My question is, how can I use neo4j as part of a multi-stage build?
Docker Page on Multi-stage builds

Stage 1: Build off of the provided neo4j docker image
Stage 1.b: configure the neo4j environment
Stage 2: Build off a python image
Stage 2.b configure the python application environment
Stage 2.c import requisite code from Stage 1

Note There are other use cases for this. One best practice is to deploy to your docker application only the requisite code needed to run, and it would be great to know if that option is available for the neo4j binary built by the jvm.

Thanks in advance.

I think we need more information on what you're trying to do. On the face of it, doing what you're asking is straightforward -- just have a look at the repo where our dockerfiles are built from and you can see that you can build your own docker container on top of this, you just need to ensure that docker-entrypoint.sh gets called, which actually starts the Neo4j process.

But on the other hand - it is a really good idea to isolate one process per docker container. If you're trying to run a python server and neo4j inside of the same docker container -- this is doable but not something I would advise.

For an app with multiple components, more typical would be to have one Docker container per component (one for your python app, neo4j by itself, and others if needed) and then use something like docker-compose, docker swarm, or kubernetes to string all of those containers together into the one big thing that is your application.

Hi David,

Thank you for your response.

..just have a look at the repo where our dockerfiles are built from and you can see that you can build your own docker container on top of this, you just need to ensure that docker-entrypoint.sh gets called, which actually starts the Neo4j process.

I did in fact do just that.

But on the other hand - it is a really good idea to isolate one process per docker container. If you're trying to run a python server and neo4j inside of the same docker container -- this is doable but not something I would advise.

I agree. I am working around some cost and knowledge-capital constraints at the moment, but may ultimately move towards the recommended 1-container, 1-component approach.

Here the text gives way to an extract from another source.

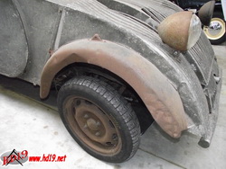 Quand on y regarde de plus près, tout est là. J'écrivais précedemment que le Cyclope et la 2CV étaient différentes, ce n'était pas tout à fait vrai. LEs formes le sont effectivement, mais toutes les solutions techniques sont quasiment là. |

Independent of my stated use case, Docker multi-stage builds are one recommended way to extract the smallest image to deploy to a production environment. The neo4j image is ~362 MB. Is it possible to take out only the neo4j binary executables and jvm? I had something like the following at the top of my Dockerfile

# JAVA: Neo4j
FROM neo4j:3.5 AS builder

# PYTHON: Franklin Web App
FROM python:3.6 AS appenv

# Get java resources for neo4j
COPY --from=builder /usr/local/openjdk-8 /usr/local/openjdk-8
COPY --from=builder /var/lib/neo4j /var/lib/neo4j
ENV JAVA_HOME=/usr/local/openjdk-8 \
    NEO4J_HOME="/var/lib/neo4j" \
    NEO4J_EDITION=community

And this does work, but size of the resulting image is the sum of the two images (python, neo4j). Is it possible to deploy a smaller image to production?

As for the size of the Neo4j docker image, it's probably dominated by the size of the JDK itself needed to run Neo4j, it's really an entire java platform.

If you really want to combine the docker images in this way, I'd recommend rather that you start with a stripped down linux distribution like a slim debian, or maybe even alpine, and then iteratively install everything manually. On the neo4j site you can get instructions on how to install on debian, so in your dockerfile, you'd start with a debian docker image (not neo4j, not python) and you'd then apt-get install everything that you need. You could then copy over our entrypoint script and adapt it to the new paths and so on.

The way you're doing this layering is probably bloating the image because (this is just a guess) the python image may be based on a completely different OS so when you add that layer on you're probably bringing truckloads of dependencies needed for that build of python which you wouldn't necessarily have if you did a clean install of both on a single machine.

Let me stress here though that optimizing for docker image size is also not usually the way you want to go. Partially you're going to be stuck with a big docker image no matter what you try, precisely because you're putting quite a lot of stuff in it. JVM + Neo4j + Python interpreter + your applications + every dependency of those components.

So I think if you start with a stripped down debian and build it up it'll be smaller, but probably not 50% smaller.

Thanks again. I'll probably move to a multi-container solution before trying to self install all of the necessary parts.

I appreciate your response.